------ Information supplied ------

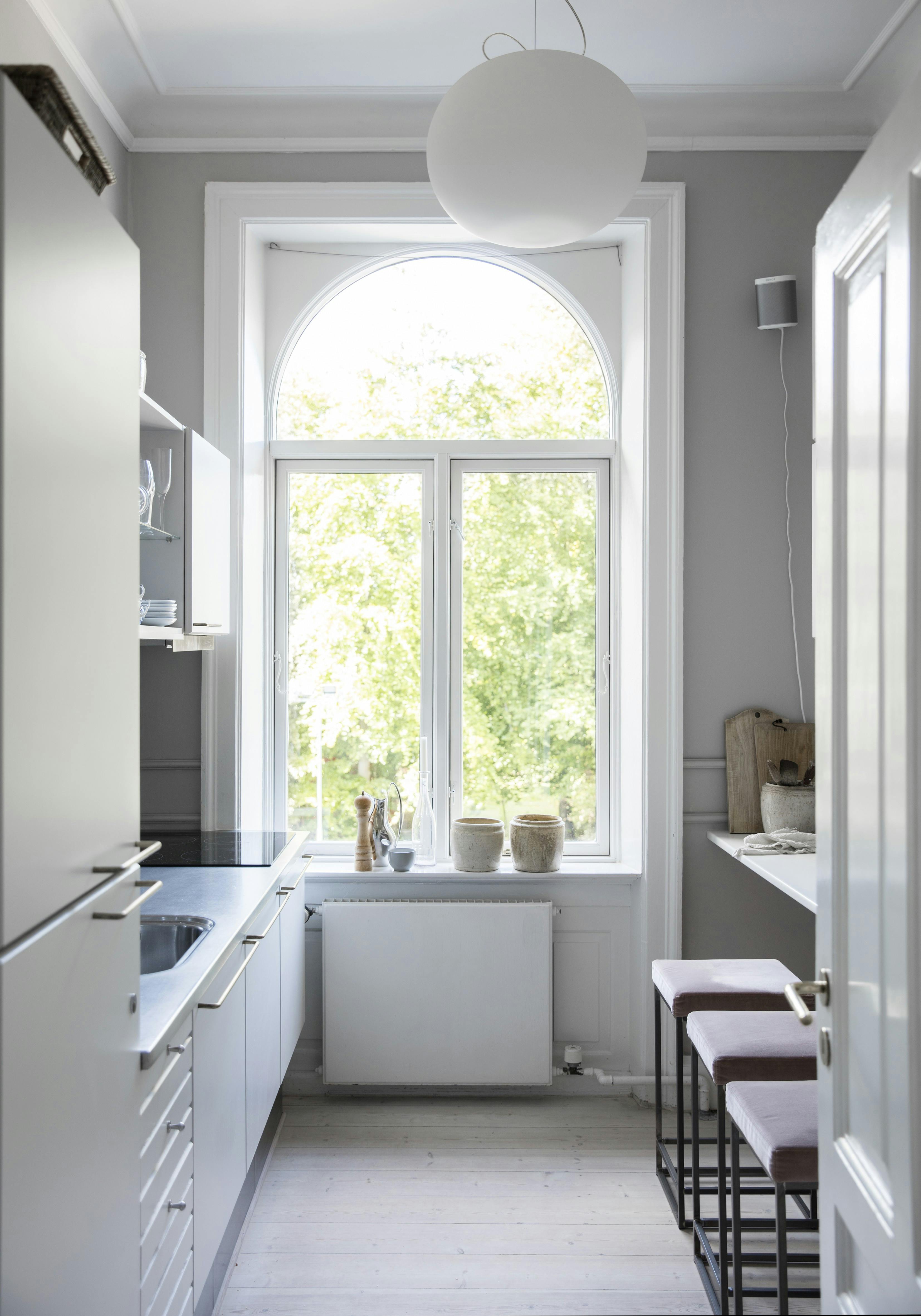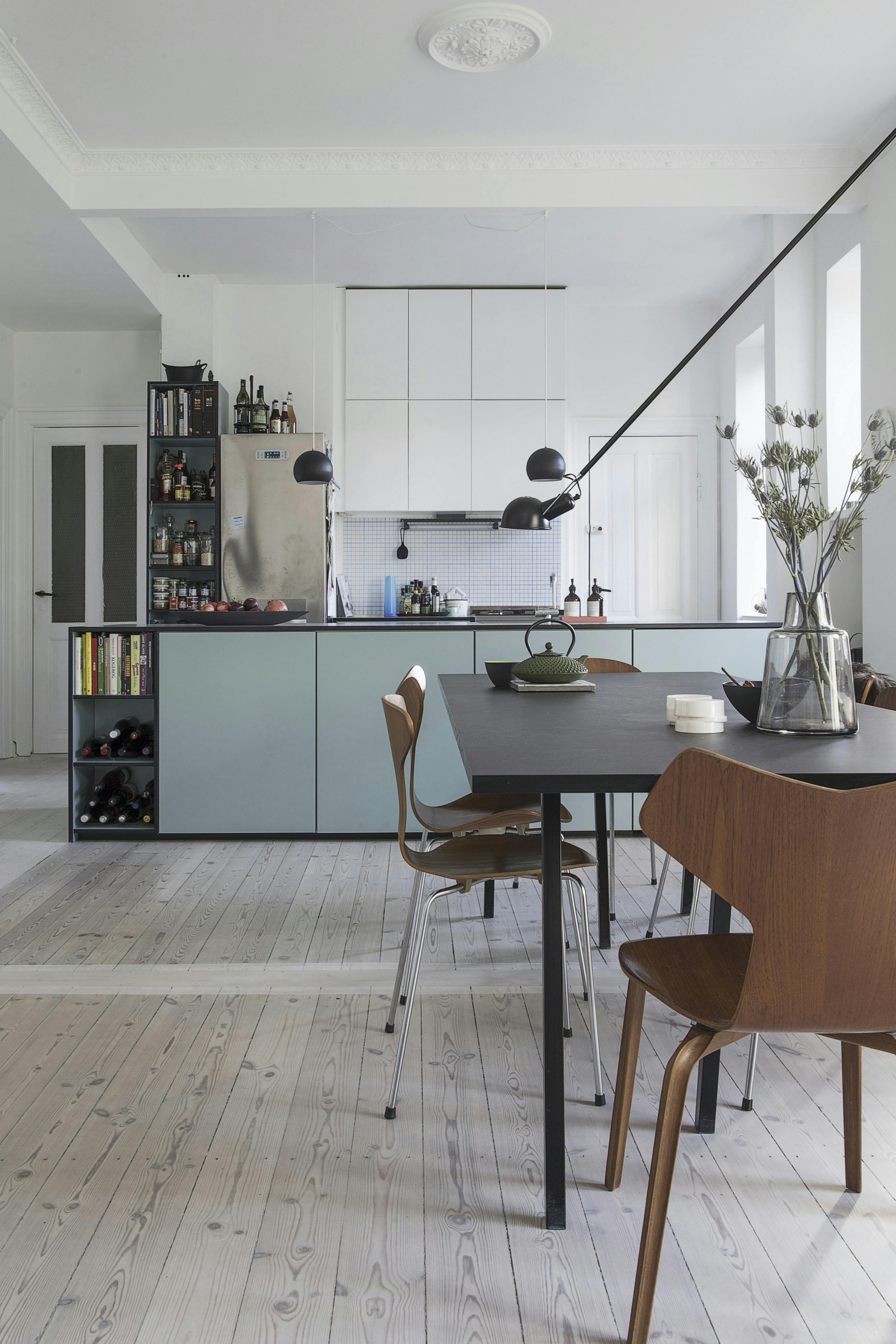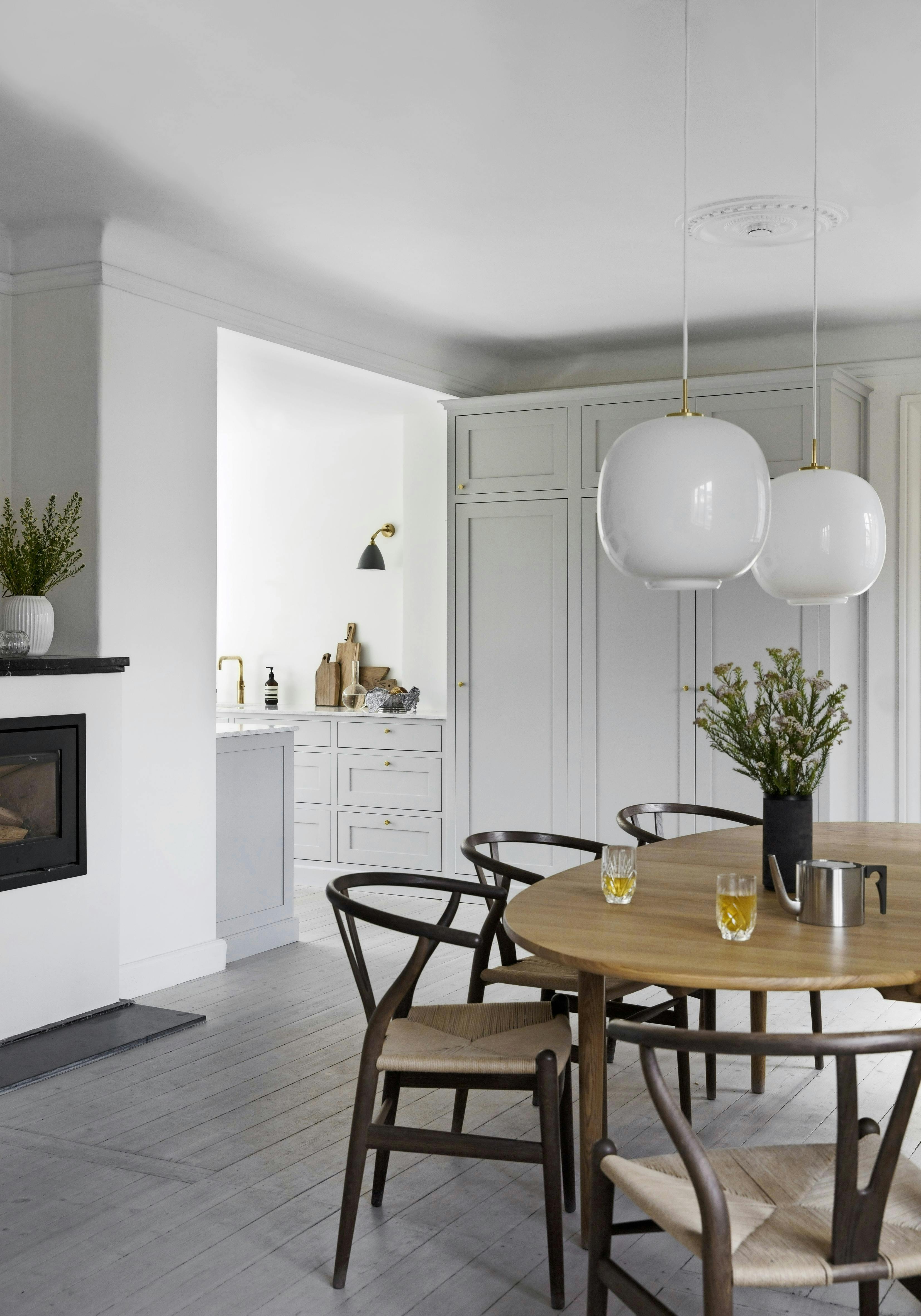 Bor du i en ældre bolig, kan det være, at du bliver nødt til at omstrukturere plantegningen og lægge nogle vægge ned, for at skabe et køkken-alrum. Det har man valgt at gøre i dette hjem, hvor køkken og spisestue nu er forbundet. Her fungerer det fint, at køkkenet går i et med spisestuen, men at man lige skal rundt om hjørnet - det skaber zoner, som kan være rare, hvis du gerne vil have en smule adskillelse til hverdag.
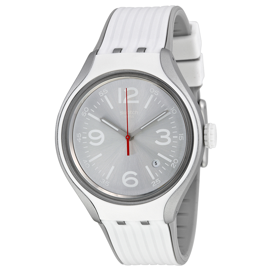 Aluminium case with a white silicone strap. Fixed aluminium bezel. Silver dial with silver-tone hands and index hour markers. Arabic numerals mark the 3, 6, 9 and 12 o'clock positions. Arabic numeral minute markers (at 5 minute intervals). Minute markers around the outer rim. Dial Type: Analog. Luminescent hands. Date display between the 4 and 5 o'clock position. Quartz movement. Plexiglass crystal. Pull / push crown. Solid case back. Round case shape. Case size: 41 mm. Case thickness: 12 mm. Band width: 21 mm. Band length: 7.5 inches. Tang clasp. Water resistant at 30 meters / 100 feet. Functions: date, hour, minute, second. Go Dance Series. Sport watch style. Swatch Go Dance Quartz Silver Dial Mens Watch 2400660.
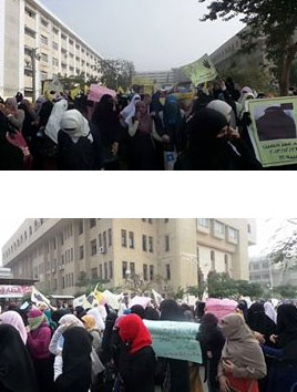 وطالبت المشاركات في المسيرة بطرد ميلشيات الانقلاب خارج أسوار الجامعه ووقف حملات اعتقال البنات الممنهجة والإفراج عن الطالبات الأزهريات بسجون العسكر.
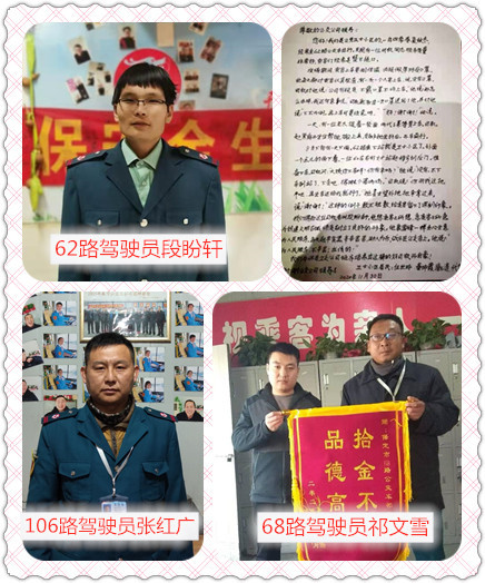 同樣,另一件令人感動(dòng)的事發(fā)生在68路駕駛員祁文雪的身上。11月21日下午,一位六旬老人乘坐68路,下車時(shí)不慎將裝有手機(jī)、身份證、戶口本以及8000元現(xiàn)金等物品的皮包落在了公交車上,被祁文雪發(fā)現(xiàn)后妥善保管起來,并及時(shí)歸還給失主。此外還有撿到乘客丟失物品及時(shí)歸還的501路駕駛員鄭玉鵬、39路駕駛員張敬磊、61路駕駛員張金玲;勇于撲救著火道路綠化帶的905路駕駛員張清雨、韓博、孫幸旺、趙曉東、常建剛……

------

Everything in the listing above must be retyped exactly, except for the pictures.

**Output:**
 Bor du i en ældre bolig, kan det være, at du bliver nødt til at omstrukturere plantegningen og lægge nogle vægge ned, for at skabe et køkken-alrum. Det har man valgt at gøre i dette hjem, hvor køkken og spisestue nu er forbundet. Her fungerer det fint, at køkkenet går i et med spisestuen, men at man lige skal rundt om hjørnet - det skaber zoner, som kan være rare, hvis du gerne vil have en smule adskillelse til hverdag.
 Aluminium case with a white silicone strap. Fixed aluminium bezel. Silver dial with silver-tone hands and index hour markers. Arabic numerals mark the 3, 6, 9 and 12 o'clock positions. Arabic numeral minute markers (at 5 minute intervals). Minute markers around the outer rim. Dial Type: Analog. Luminescent hands. Date display between the 4 and 5 o'clock position. Quartz movement. Plexiglass crystal. Pull / push crown. Solid case back. Round case shape. Case size: 41 mm. Case thickness: 12 mm. Band width: 21 mm. Band length: 7.5 inches. Tang clasp. Water resistant at 30 meters / 100 feet. Functions: date, hour, minute, second. Go Dance Series. Sport watch style. Swatch Go Dance Quartz Silver Dial Mens Watch 2400660.
 وطالبت المشاركات في المسيرة بطرد ميلشيات الانقلاب خارج أسوار الجامعه ووقف حملات اعتقال البنات الممنهجة والإفراج عن الطالبات الأزهريات بسجون العسكر.
 同樣,另一件令人感動(dòng)的事發(fā)生在68路駕駛員祁文雪的身上。11月21日下午,一位六旬老人乘坐68路,下車時(shí)不慎將裝有手機(jī)、身份證、戶口本以及8000元現(xiàn)金等物品的皮包落在了公交車上,被祁文雪發(fā)現(xiàn)后妥善保管起來,并及時(shí)歸還給失主。此外還有撿到乘客丟失物品及時(shí)歸還的501路駕駛員鄭玉鵬、39路駕駛員張敬磊、61路駕駛員張金玲;勇于撲救著火道路綠化帶的905路駕駛員張清雨、韓博、孫幸旺、趙曉東、常建剛……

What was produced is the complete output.